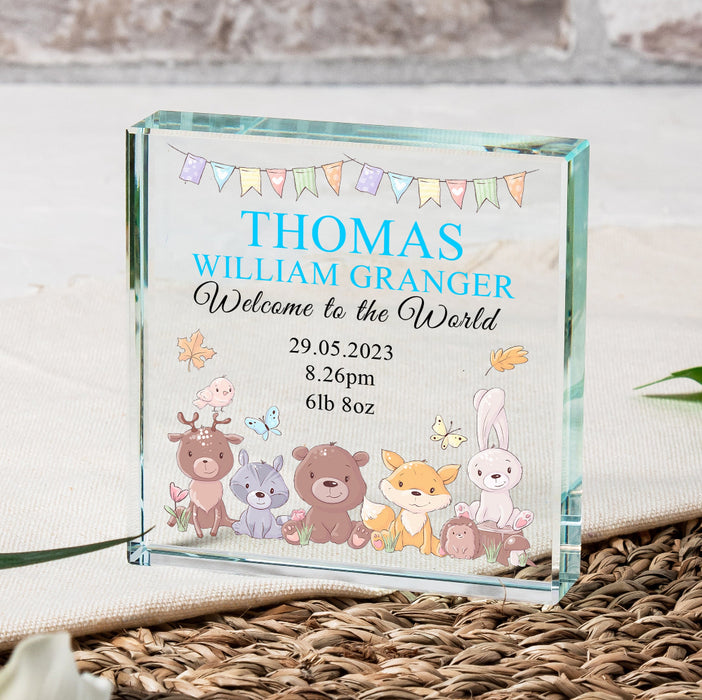 Personalised Welcome to the World New Baby Glass Block - Pink or Blue
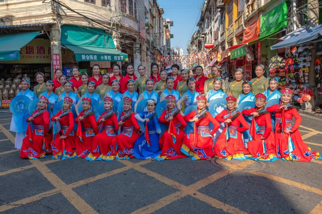 这场由多支江门市文化馆文化志愿者艺术团联袂呈现的视觉盛宴,在百年骑楼下铺展开流动的画卷:《彩云追月》将岭南月色演绎得诗意盎然;《欢腾》以炽热节奏点燃全场,飞扬的裙摆与观众如潮掌声相互激荡;《黄河水从我家门前过》勾勒出跨越山河的家国情怀;《青春靓影》跃动的身影则与老街古朴的底色碰撞交融,奏响了一曲传统与现代激情碰撞的时代交响……
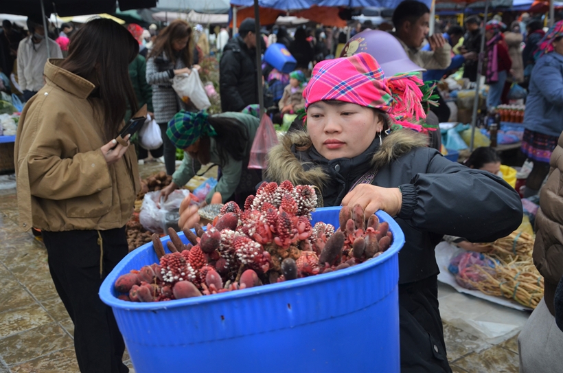Khu nông sản mùa xuân mang theo mùi đất mới. Cải mèo xanh non, bí đỏ vàng, mật ong rừng, măng khô, ớt, những gia vị thiết yếu... được bày bán giản dị. Tiếng hỏi han, mặc cả diễn ra tự nhiên, thân tình. Nhiều người đi chợ không chỉ để bán hàng mà còn để gặp gỡ, cập nhật tin tức đầu năm. Phiên chợ vì thế vừa là không gian kinh tế, vừa là nơi kết nối cộng đồng.
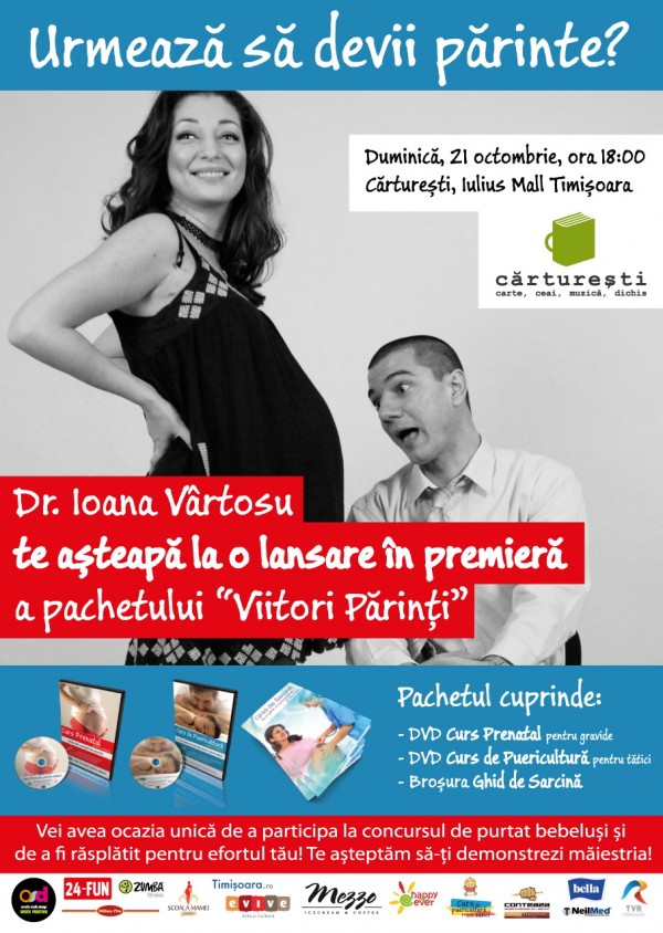 Duminică, 21 octombrie, ora 18:00, invităm părinţii şi viitorii părinţi să-şi dea întâlnire în librăria Cărtureşti din Iulius Mall, cu ocazia lansării pachetului „Viitori Părinţi”, semnat doctor Ioana Vârtosu.

+---+

WORK ORDER: Keeping both end lines, retype exactly the lines from the first line of the material through the line that contains "Khu nông sản", but not the pictures.

WRITTEN REPLY:
 Personalised Welcome to the World New Baby Glass Block - Pink or Blue
 这场由多支江门市文化馆文化志愿者艺术团联袂呈现的视觉盛宴,在百年骑楼下铺展开流动的画卷:《彩云追月》将岭南月色演绎得诗意盎然;《欢腾》以炽热节奏点燃全场,飞扬的裙摆与观众如潮掌声相互激荡;《黄河水从我家门前过》勾勒出跨越山河的家国情怀;《青春靓影》跃动的身影则与老街古朴的底色碰撞交融,奏响了一曲传统与现代激情碰撞的时代交响……
Khu nông sản mùa xuân mang theo mùi đất mới. Cải mèo xanh non, bí đỏ vàng, mật ong rừng, măng khô, ớt, những gia vị thiết yếu... được bày bán giản dị. Tiếng hỏi han, mặc cả diễn ra tự nhiên, thân tình. Nhiều người đi chợ không chỉ để bán hàng mà còn để gặp gỡ, cập nhật tin tức đầu năm. Phiên chợ vì thế vừa là không gian kinh tế, vừa là nơi kết nối cộng đồng.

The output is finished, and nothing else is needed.